Иван Васильевич замолчал, устремив взгляд на ковер.
Александр не мог сдержать радостной улыбки. Он стоял перед своим тренером и улыбался во весь рот. «Какой у меня, наверное, глупый вид», — думал он. Но сдержать бурной радости не мог. Значит, это просто эпизод! Просто обычный рабочий момент! Не провал, не катастрофа! Никто не смеется над ним, никто не считает бездарностью. Действительно! А он, как идиот, уже повесил нос. «Все кончено, все плохо...» Почему он сразу не пришел к Ивану Васильевичу? Дурак! Ой, дурак! И потом... Как мог он проиграть эту схватку!

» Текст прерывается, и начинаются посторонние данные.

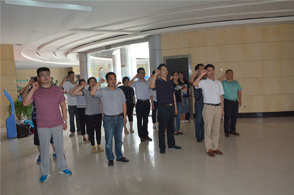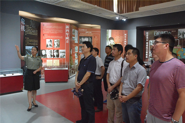 全體黨員干部參觀了紀(jì)念館,展館里大量的歷史文獻(xiàn)、珍貴的革命文物和各個時期的新聞圖片、資料再現(xiàn)了新四軍軍部在黃花塘運(yùn)籌于帷幄之中,決勝于大江南北的豐功偉績。在紀(jì)念館大廳,全體黨員面對鮮紅的黨旗,莊嚴(yán)地舉起右拳齊聲宣誓,重溫了入黨誓詞。

Теперь это казалось Александру непостижимым. Он словно заново выходил на ковер. Да, он должен был за две минуты бросить противника. Поймать его на болевой прием. Удержать. Задавить! А он проиграл... Александр посмотрел на Ивана Васильевича. Но тот, не отводя глаз от ковра, продолжал говорить:
— Как журналисту везет. А как спортсмену?.. Я очень полагаюсь на тебя. Ты должен войти на первенстве города в призовую тройку. Это точно. Если б не твой кисейный характер — чуть тронешь, ты и лапки кверху, — ты бы чемпионом страны мог стать. Но для этого надо всегда держать себя в руках, независимо от того, нравится твой материал главному редактору или нет, справедливо тебе поставили тройку по философии или нет, поздоровалась Люся с неизвестным тебе доселе красивым брюнетом или нет. Кстати, о Люсе... Вот уж кому не повезло с женихом, так это точно!..
— Иван Васильевич! Иван Васильевич! — Александр, продолжая сиять, умоляюще поднял руки. — Я дурак, болван, негодяй, все понял!
— Ну зачем уж сразу так. Выбирай что-нибудь одно. Я бы посоветовал... — Иван Васильевич нахмурил лоб, сделав вид, что погружен в глубокое раздумье.
— Мчусь к ней. Прямо сейчас!
Александр вскочил и действительно помчался с трибун, перепрыгивая ступеньки.
Через несколько минут Люся слышала в трубке его запыхавшийся голос:
— Люська!.. Это я!.. Я болван!.. Можно сейчас приду?.. Я все объясню... Я сейчас...
А через полчаса, запыхавшийся еще больше, он звонил в Люсину дверь.
Дверь, разумеется, открыла Нина Павловна.
— Здравствуйте, Алик! Куда вы пропадали? Мы с Люсей так волновались...
— Здравствуйте, Нина Павловна. Дела разные, соревнования... — оправдывался Александр, с надеждой поглядывая в сторону Люсиной комнаты.
Но Люся не спешила прийти на помощь. Наконец она появилась.
— Люсенька, Алик пришел. — Нина Павловна сообщила эту новость так, словно в квартиру спустился сам апостол Петр. — Я как раз говорила ему, что мы с тобой страшно волновались, пока не позвонил Иван Васильевич...
Люся метнула на мать испепеляющий взгляд, под которым Нина Павловна поспешно ретировалась.
Когда Александр вошел в комнату, Люся отвернулась, выдавила из себя ценой огромных усилий зевок и равнодушно спросила:
— Ну, что нового? Как делишки?
Но Александр был слишком радужно настроен, чтобы его можно было провести столь наивными хитростями. Он подбежал к Люсе, обнял за талию и поднял на вытянутых руках.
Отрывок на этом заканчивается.